The things I lay at the feet of Framework are things they possess the ability to deal with. Communications. Write up a little story about how best to harness this marvellous AI300 series chipset. Tell us what it can do today, and what it might do tomorrow. Obviously they don’t have to tell stories to sell hardware, but it sure would help, as we devoted tech nerds that have been computing since 1970s could always use a good chuckle before parting with $4000 on something something that might do something but probably does not do something something, AI…
You’re right though, this is not a vicious gripe, and the same problem exists at even the goldenist of the golden companies today, they are great at sales without sharing much in the way of substantive stories about how their products improve our lives. They leave that discovery to us, fair enough.

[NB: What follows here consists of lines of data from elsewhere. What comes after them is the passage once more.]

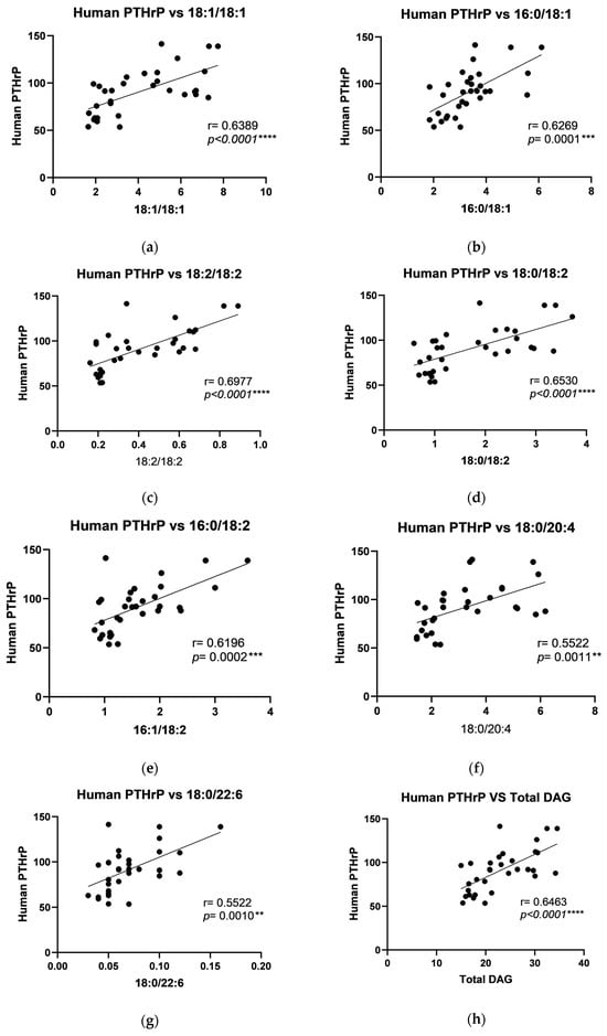 Correlations between the human parathyroid hormone-related protein (PTHrP) and particular diacylglycerols: (a) C18:1/18:1; (b) C16:0/ C18:1; (c) C18:2/18:2; (d) C16:0/C18:2; (e) C18:0/22:4; (f) C18:0/22:6; (g) C18:2/18:2; (h) Total DAG in the periosteum of the mandible. The data are presented as Pearson correlation coefficients; statistical significance: ** p ≤ 0.01, *** p ≤ 0.001, **** p ≤ 0.0001. p-Value—probability, r—correlation coefficient.
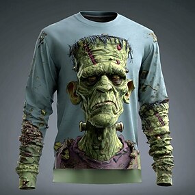 Homme Zombies 3D Sweatshirt Punk Fête Gothique manche longue Col ras du cou Vacances Bleu Violet Vert Col rond 3D Toutes saisons Designer S M L XL XXL XXXL
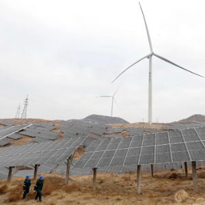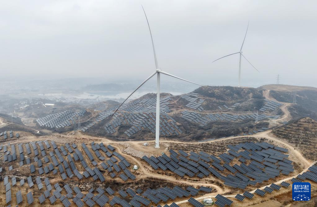 1月17日拍摄的河北省赞皇县院头镇曹家庄村附近的“风光互补”发电场(无人机照片)。
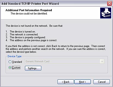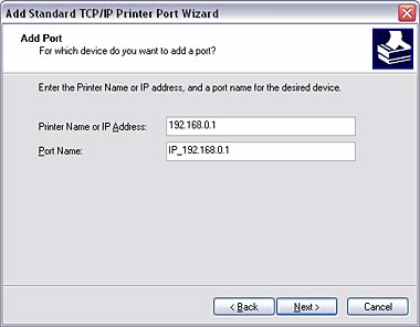 Step 4 Enter the IP address of the print server (192.168.0.1). Leave the port name with the default name. Click Next.
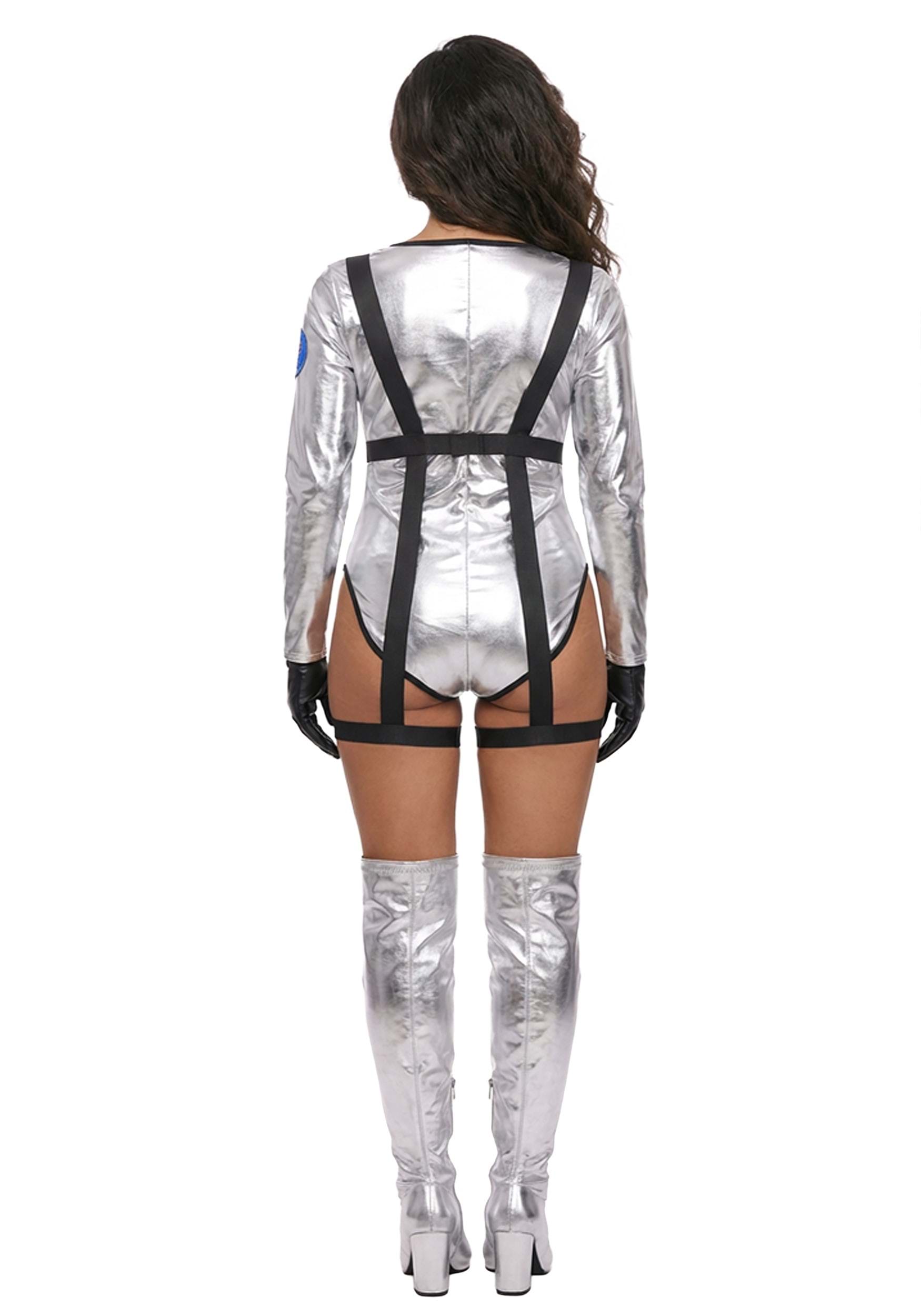 This is an exclusive Women's Sexy Silver Astronaut Costume Romper.

The issue is, I don’t think that Framework knows, because even AMD, IBM, and nVidia don’t know. What does the enthusiast CPU inference hardware look like in 2030? I bet you could make a lot of money at any of those companies if you could convincingly (maybe not even correctly) predict that. TOPS? How many? Shared memory? GPU/CPU/TPU into an APU? Does that use cache, standard DIMMS, on chip RDRAM or all of the above? How much of each? What balance of lower power (0?) vs full fat cores? How much GPU processing power? Is resolution high enough that anti-aliasing is no longer needed? Does AI frame generation decrease the need for GPU power and free up watts/die space for the TPU?
I guess my point is that the very tip of the spear is flying pretty blind right now, so that puts OEMS like Framework in the bind of “we can’t in good faith release a product that we aren’t sure will work 100% as consumers expect” vs “here’s the best that the best can make, we packaged it as best we can and hope it works for you”. Neither stance is perfect, and neither one is gonna make everyone happy.
Agreed, but Framework needs to be more careful copying AMD’s empty promises into their promotional material. The AI 300 intro blog post said (or at least hinted strongly) this would be a good platform for ROCm. wrong!
I think the Mac Studio shows us what workstations will look like in 4 years: unified memory with massive bandwidth through extreme parallelization. The RAM will be soldered down, because, even if there was room to make thousands of individual high speed connections, that’ll be too fiddly to be reliable. The Desktop is a first baby step in this direction.
I claim Apple is committing a crime by soldering down its storage, but I just don’t see a way around soldered memory in high performance computers.
As far as gaming, dunno. Rendering architectures seem to be stagnating. It’s like GPU designers are distracted by something else these days?